WHAT THIS TASK INVOLVES: Write out the data word for word, taking care that no picture is carried over.

------ DATASET EXCERPTS

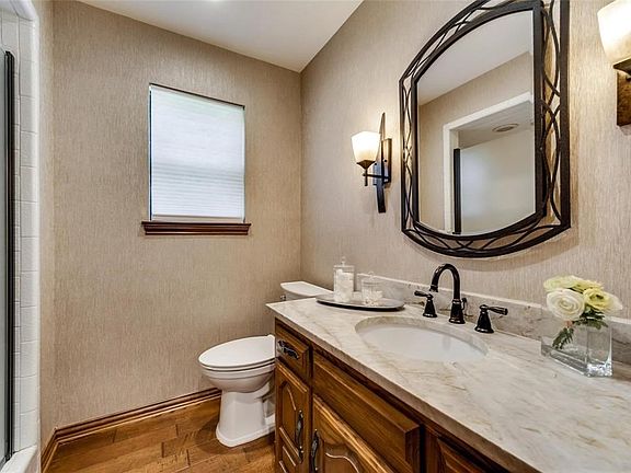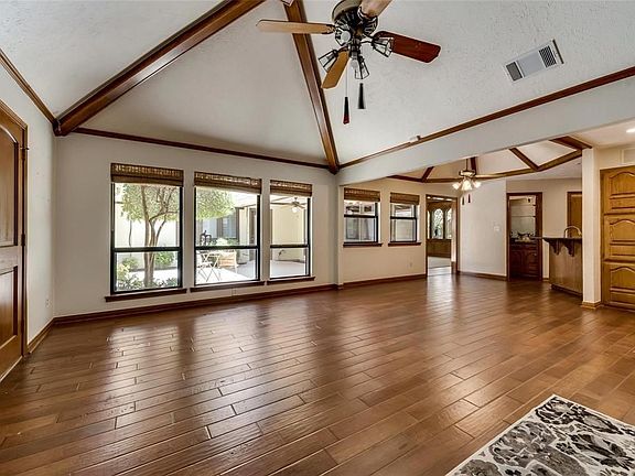 Sprawling West Plano hard-to-find 1-Story in Country Place with HOA that offers Pool & Tennis, Chisolm Trail & Big Lake Park. UPGRADES: Granite kitchen & laundry & baths; Double ovens (Upper is convection); stone back splash & under mount lights in kitchen; hardwood floors; recent nylon carpet w 8-lb pad; Stainless appliances; Plantation shutters in Dining; Updated Master BR bath w seamless glass; All baths updated; gutters have Leaf Guard; Re-wrapped duct work; Blown-in Insulation; Toilets; Panel box 2019; Roof 2016; Windows 2007. HUGE central interior courtyard for grilling & entertaining is 21x10. Large St. Augustine grassy back yard has fountain w board-on-board fence. Huge laundry room w folding table. 2021-09-23
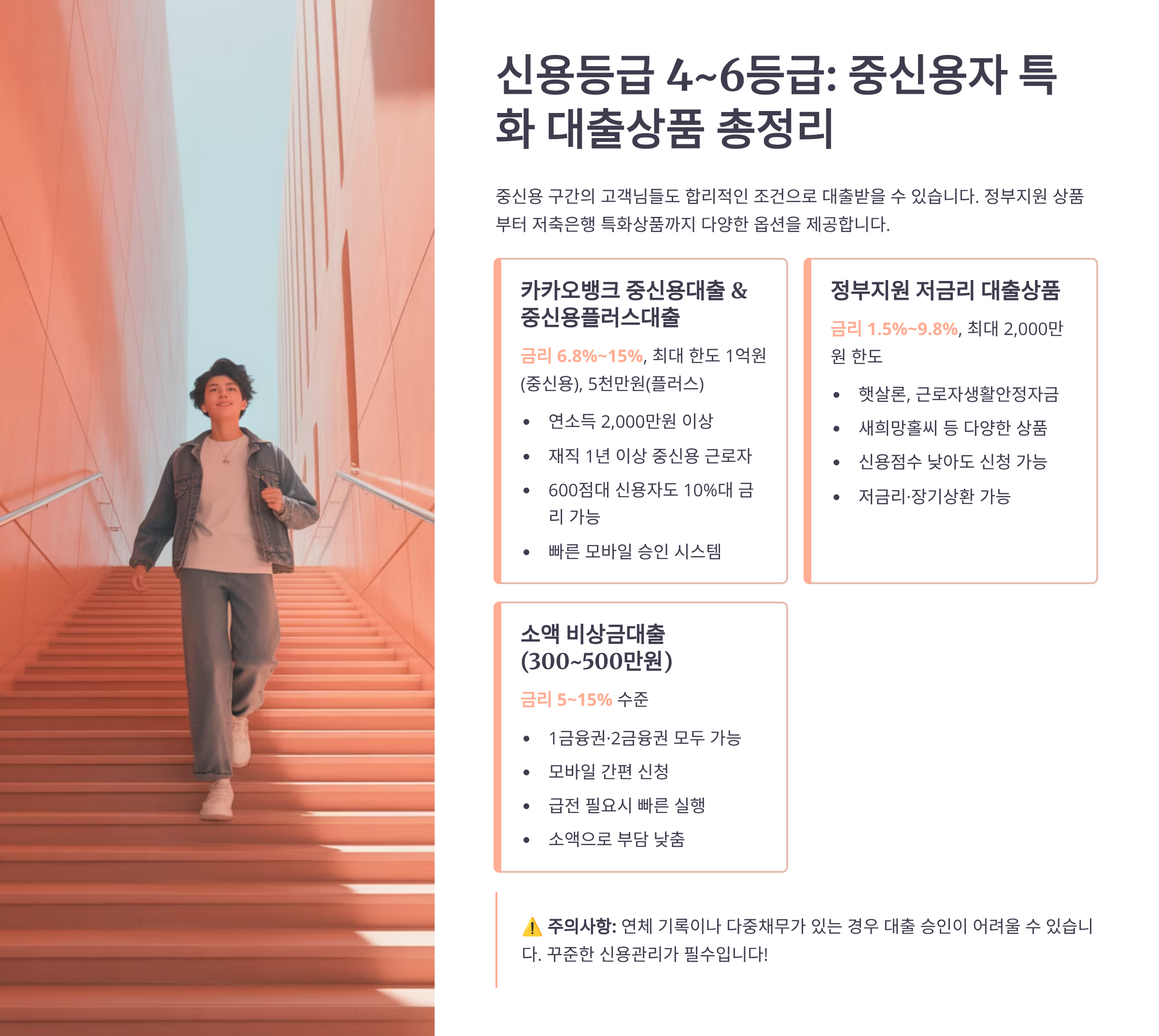 신용등급 4-6등급 중신용자분들은 최근 금융당국의 중금리 대출 활성화 정책 덕분에 선택의 폭이 넓어졌어요. 2025년 현재 중신용자 전용 상품들이 대폭 늘어나면서 연 6-11% 대의 합리적인 금리로 자금을 조달할 수 있게 되었답니다.
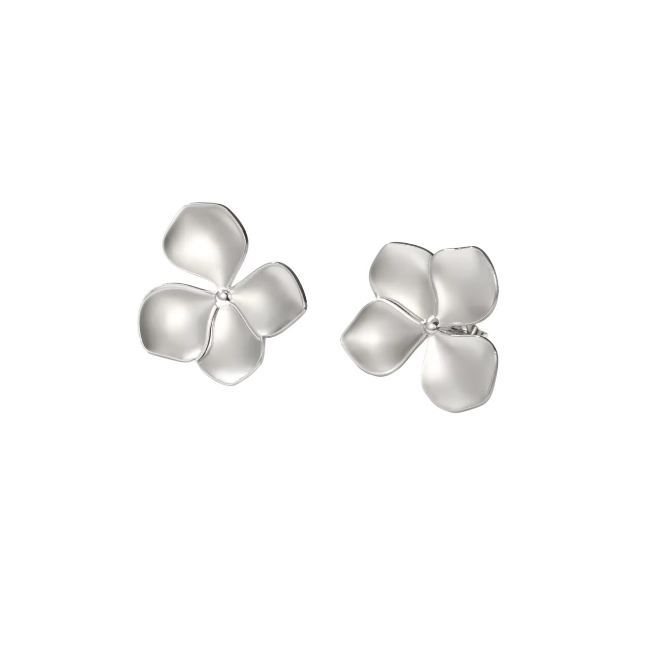Boucles d'oreilles fleurs argentées à pétales lisses
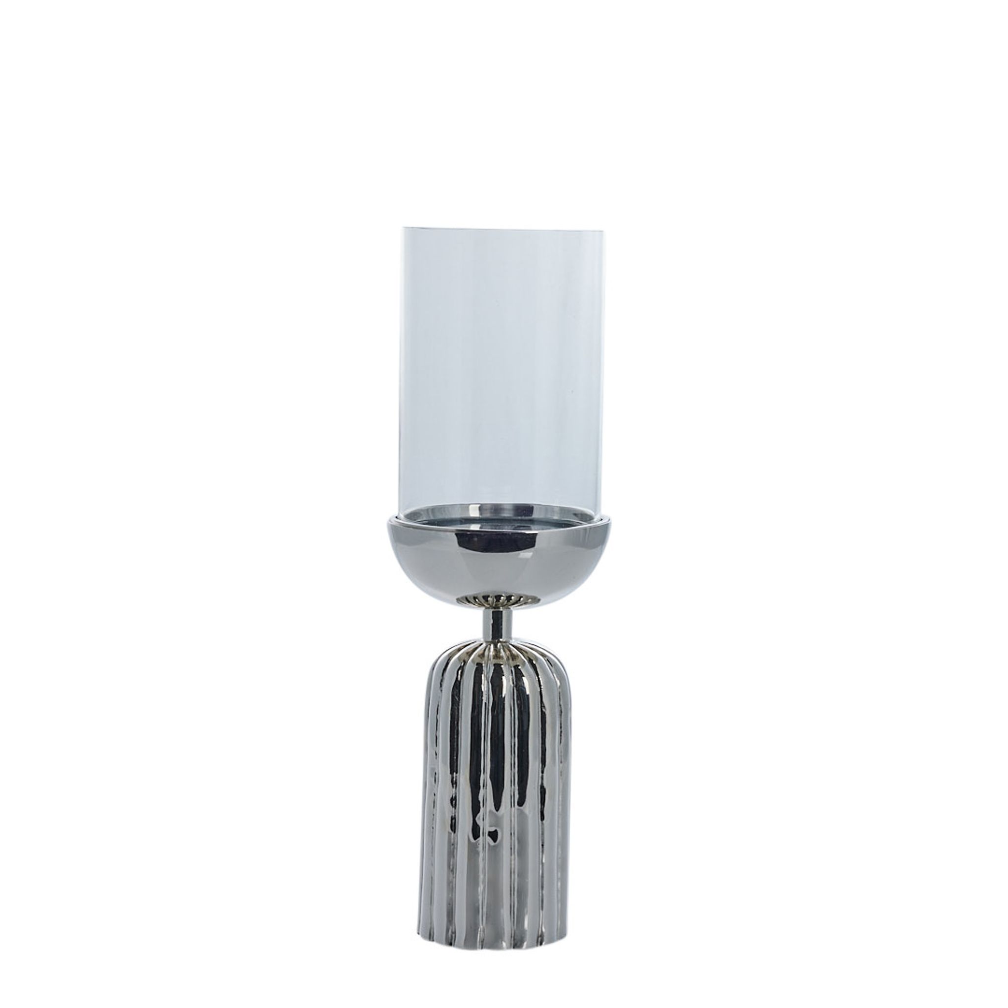 Den här ljusstaken kombinerar modern form med en design som håller länge. Aluminiumkonstruktionen ger stabilitet och glasdetaljerna lyfter helhetsintrycket. På 36,5 cm blir den ett tydligt blickfång på bordet eller vid spiselkransen utan att ta över din inredning.
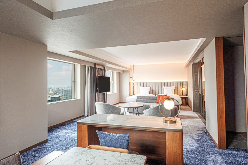 Rooms at ANA Crowne Plaza have wood furnishings, elegant colors and extra-long beds. Each includes a flat-screen TV, and a bathroom with a bathtub and bathrobe. 24-hour room service is available.
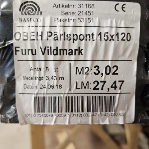 Pärlspont 13x70mm (dvs 7,0 cm breda). Lösa enskilda plankor. 5st plankor. Längd: 4.20m x 5st plankor. Totalt 21 löpmeter.
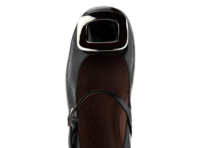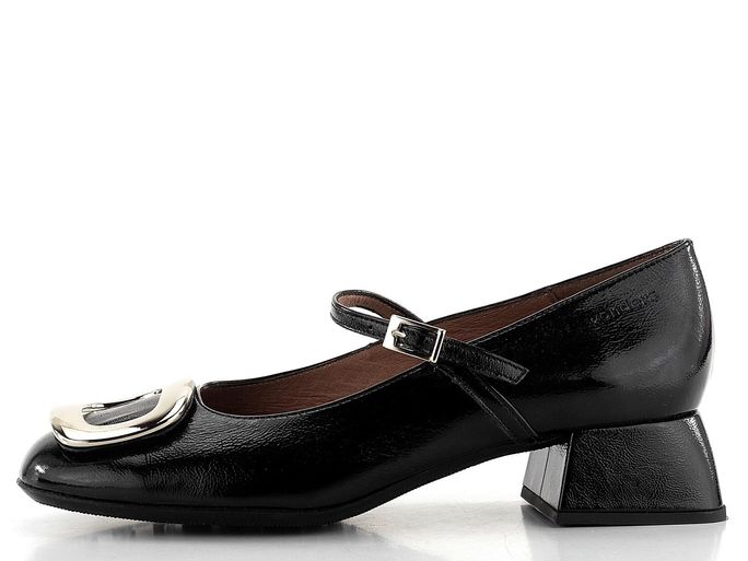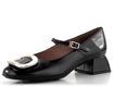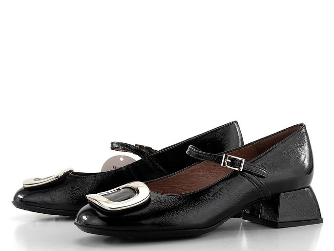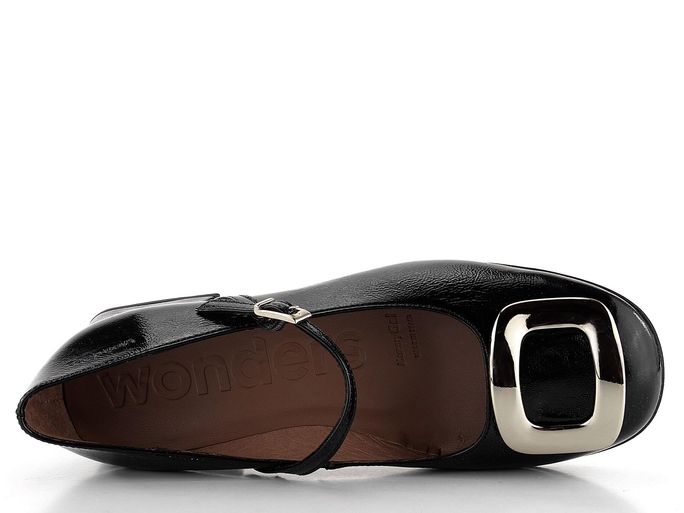 Osobité dámské lakované lodičky s dominantní ozdobnou sponou od španělské značky Wonders představují ideální volbu pro podzimní a zimní sezónu. Tyto lodičky vynikají prostornou kulatou špičkou a svrškem z lakované krešlakové (mačkané) kůže v elegantní černé barvě. Na špičce se nachází výrazná kovová spona ve zlaté barvě, která dodává botám jedinečný vzhled. Nártový pásek s délkovou regulací a všitou pruženkou zajišťuje pohodlné nošení a skvělou stabilitu.
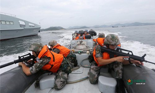 The Hong Kong Garrison of the Chinese People's Liberation Army (PLA) holds a drill in waters near Hong Kong, June 26, 2019. Members of the army, navy and air force of the PLA garrison in Hong Kong took part in the joint naval and air patrol exercise that aimed to review and raise the units' combat abilities in emergency dispatches, ad hoc deployment and joint operations. Photo: 81.cn
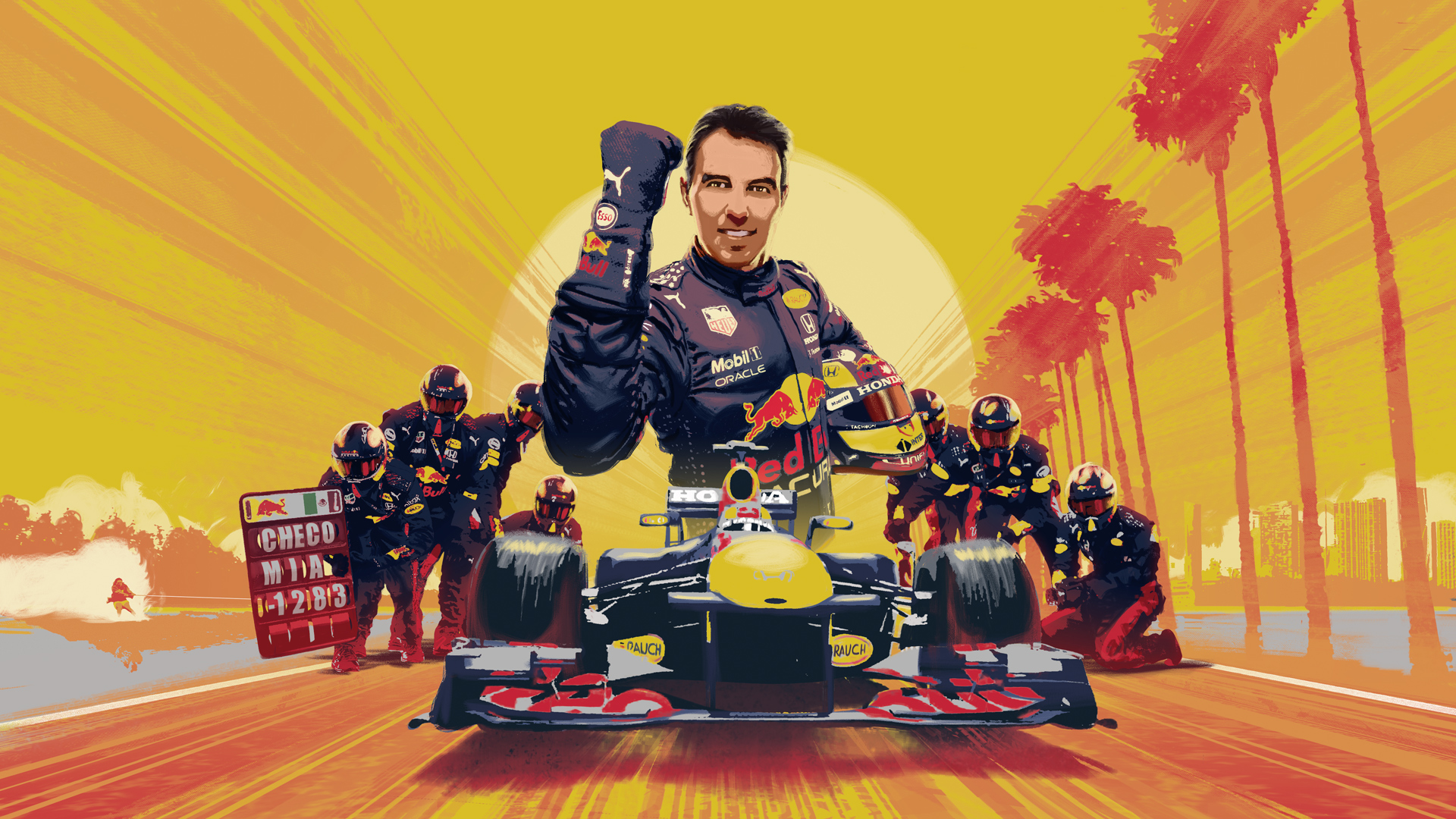 Red Bull granted me liberty to explore art direction in a way that felt authentic to the world of Formula 1. Inspired by vintage race posters, I proposed a post-modern aesthetic to blend the nostalgic charm of classic racing visuals with a modern, refined twist to reflect Red Bull’s brand identity and the feel of theMiami Grand Prix. This was achieved through the design of the films opening title animation, UI graphics, and title cards.
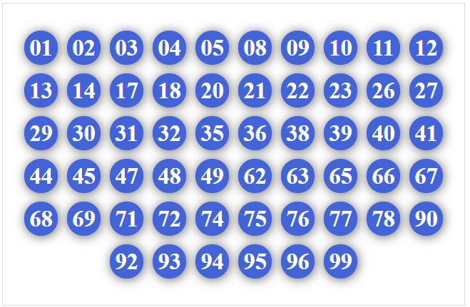 01, 02, 03, 04, 05, 06, 07, 08, 09, 10, 12, 13, 14, 15, 16, 17, 18, 19, 40, 41, 42, 43, 45, 46, 47, 48, 49, 60, 61, 62, 63, 64, 65, 67, 68, 69
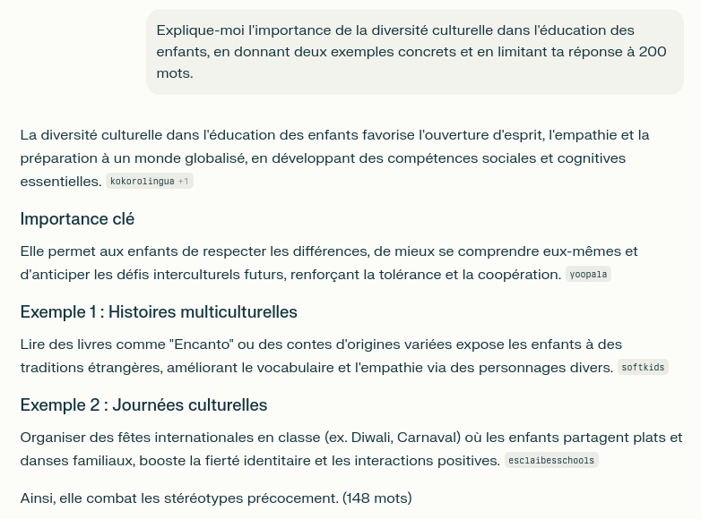 Pour pratiquer cette analyse, testez et ajustez ce prompt intermédiaire : « Explique-moi l’importance de la diversité culturelle dans l’éducation des enfants, en donnant deux exemples concrets et en limitant ta réponse à 200 mots. »
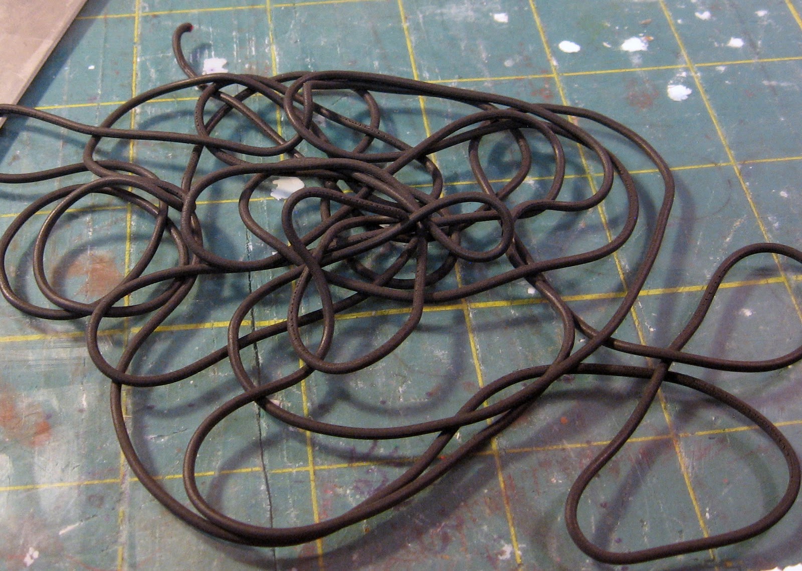 Keep folding the strip back and forth, accordion style, adding 2-4 black strings between layers, until you run out of strip.
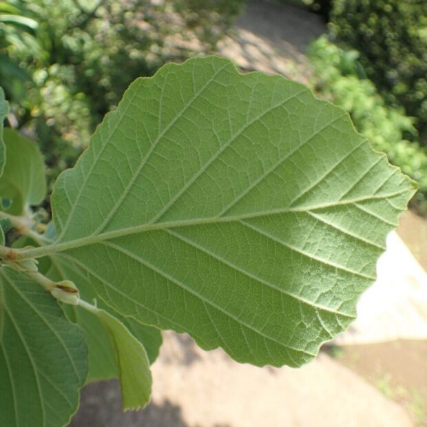 丸みのあるひし形や平行四辺形のゆがんだ形をした、 ちょっと個性的な葉っぱです。 波状のギザギザもチャームポイントです。
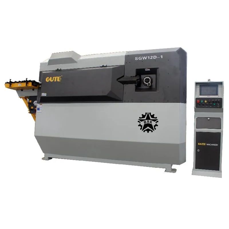 Правильно-гибочный станок с ЧПУ для работы с арматурной сталью. Обрабатывает арматуру диаметром до 12 мм. Максимальная скорость протяжки 75-100 м/мин. Мощность 33 кВт.
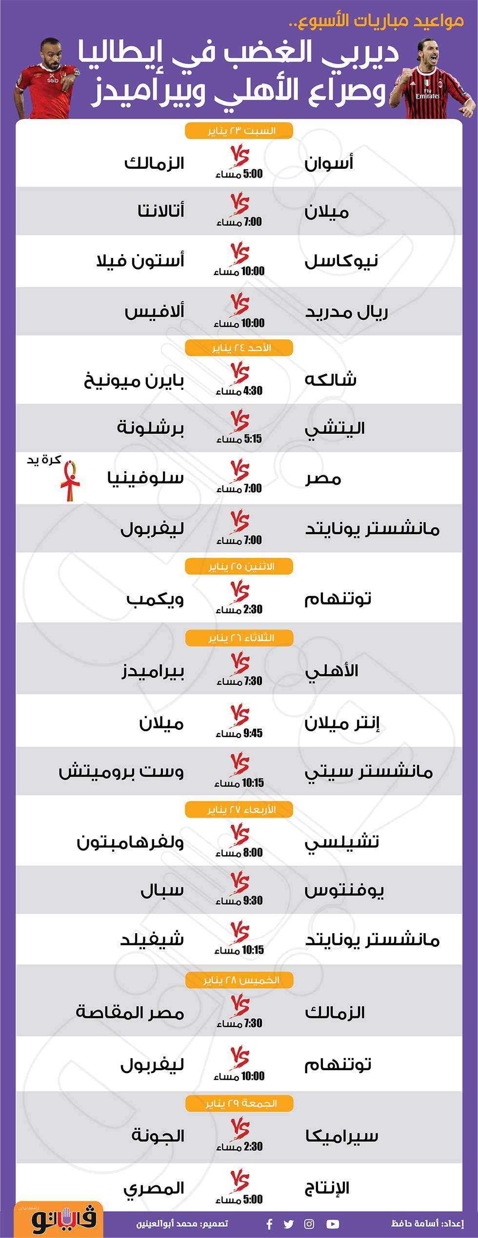 مواعيد مباريات الأسبوع.. ديربي الغضب في إيطاليا وصراع الأهلي وبيراميدز| إنفو جراف الجمعة 22/يناير/2021 - 07:14 م 1/22/2021 7:14:47 PM الأهلي أسامة حافظ شارك طباعة 18 حجم الخط شارك طباعة مواعيد مباريات ليفربول مواعيد مباريات الاهلي مواعيد مباريات الأسبوع
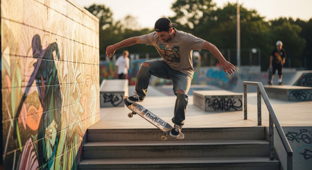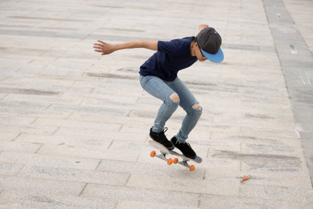 Young adult skating outdoors in the city. Stylish skateboarder training in skate park. Concept of skateboarding as sport and lifestyle.

------------

ANSWER TO THE EXERCISE:
 Sprawling West Plano hard-to-find 1-Story in Country Place with HOA that offers Pool & Tennis, Chisolm Trail & Big Lake Park. UPGRADES: Granite kitchen & laundry & baths; Double ovens (Upper is convection); stone back splash & under mount lights in kitchen; hardwood floors; recent nylon carpet w 8-lb pad; Stainless appliances; Plantation shutters in Dining; Updated Master BR bath w seamless glass; All baths updated; gutters have Leaf Guard; Re-wrapped duct work; Blown-in Insulation; Toilets; Panel box 2019; Roof 2016; Windows 2007. HUGE central interior courtyard for grilling & entertaining is 21x10. Large St. Augustine grassy back yard has fountain w board-on-board fence. Huge laundry room w folding table. 2021-09-23
 신용등급 4-6등급 중신용자분들은 최근 금융당국의 중금리 대출 활성화 정책 덕분에 선택의 폭이 넓어졌어요. 2025년 현재 중신용자 전용 상품들이 대폭 늘어나면서 연 6-11% 대의 합리적인 금리로 자금을 조달할 수 있게 되었답니다.
Boucles d'oreilles fleurs argentées à pétales lisses
 Den här ljusstaken kombinerar modern form med en design som håller länge. Aluminiumkonstruktionen ger stabilitet och glasdetaljerna lyfter helhetsintrycket. På 36,5 cm blir den ett tydligt blickfång på bordet eller vid spiselkransen utan att ta över din inredning.
 Rooms at ANA Crowne Plaza have wood furnishings, elegant colors and extra-long beds. Each includes a flat-screen TV, and a bathroom with a bathtub and bathrobe. 24-hour room service is available.
 Pärlspont 13x70mm (dvs 7,0 cm breda). Lösa enskilda plankor. 5st plankor. Längd: 4.20m x 5st plankor. Totalt 21 löpmeter.
 Osobité dámské lakované lodičky s dominantní ozdobnou sponou od španělské značky Wonders představují ideální volbu pro podzimní a zimní sezónu. Tyto lodičky vynikají prostornou kulatou špičkou a svrškem z lakované krešlakové (mačkané) kůže v elegantní černé barvě. Na špičce se nachází výrazná kovová spona ve zlaté barvě, která dodává botám jedinečný vzhled. Nártový pásek s délkovou regulací a všitou pruženkou zajišťuje pohodlné nošení a skvělou stabilitu.
 The Hong Kong Garrison of the Chinese People's Liberation Army (PLA) holds a drill in waters near Hong Kong, June 26, 2019. Members of the army, navy and air force of the PLA garrison in Hong Kong took part in the joint naval and air patrol exercise that aimed to review and raise the units' combat abilities in emergency dispatches, ad hoc deployment and joint operations. Photo: 81.cn
 Red Bull granted me liberty to explore art direction in a way that felt authentic to the world of Formula 1. Inspired by vintage race posters, I proposed a post-modern aesthetic to blend the nostalgic charm of classic racing visuals with a modern, refined twist to reflect Red Bull’s brand identity and the feel of theMiami Grand Prix. This was achieved through the design of the films opening title animation, UI graphics, and title cards.
 01, 02, 03, 04, 05, 06, 07, 08, 09, 10, 12, 13, 14, 15, 16, 17, 18, 19, 40, 41, 42, 43, 45, 46, 47, 48, 49, 60, 61, 62, 63, 64, 65, 67, 68, 69
 Pour pratiquer cette analyse, testez et ajustez ce prompt intermédiaire : « Explique-moi l’importance de la diversité culturelle dans l’éducation des enfants, en donnant deux exemples concrets et en limitant ta réponse à 200 mots. »
 Keep folding the strip back and forth, accordion style, adding 2-4 black strings between layers, until you run out of strip.
 丸みのあるひし形や平行四辺形のゆがんだ形をした、 ちょっと個性的な葉っぱです。 波状のギザギザもチャームポイントです。
 Правильно-гибочный станок с ЧПУ для работы с арматурной сталью. Обрабатывает арматуру диаметром до 12 мм. Максимальная скорость протяжки 75-100 м/мин. Мощность 33 кВт.
 مواعيد مباريات الأسبوع.. ديربي الغضب في إيطاليا وصراع الأهلي وبيراميدز| إنفو جراف الجمعة 22/يناير/2021 - 07:14 م 1/22/2021 7:14:47 PM الأهلي أسامة حافظ شارك طباعة 18 حجم الخط شارك طباعة مواعيد مباريات ليفربول مواعيد مباريات الاهلي مواعيد مباريات الأسبوع
 Young adult skating outdoors in the city. Stylish skateboarder training in skate park. Concept of skateboarding as sport and lifestyle.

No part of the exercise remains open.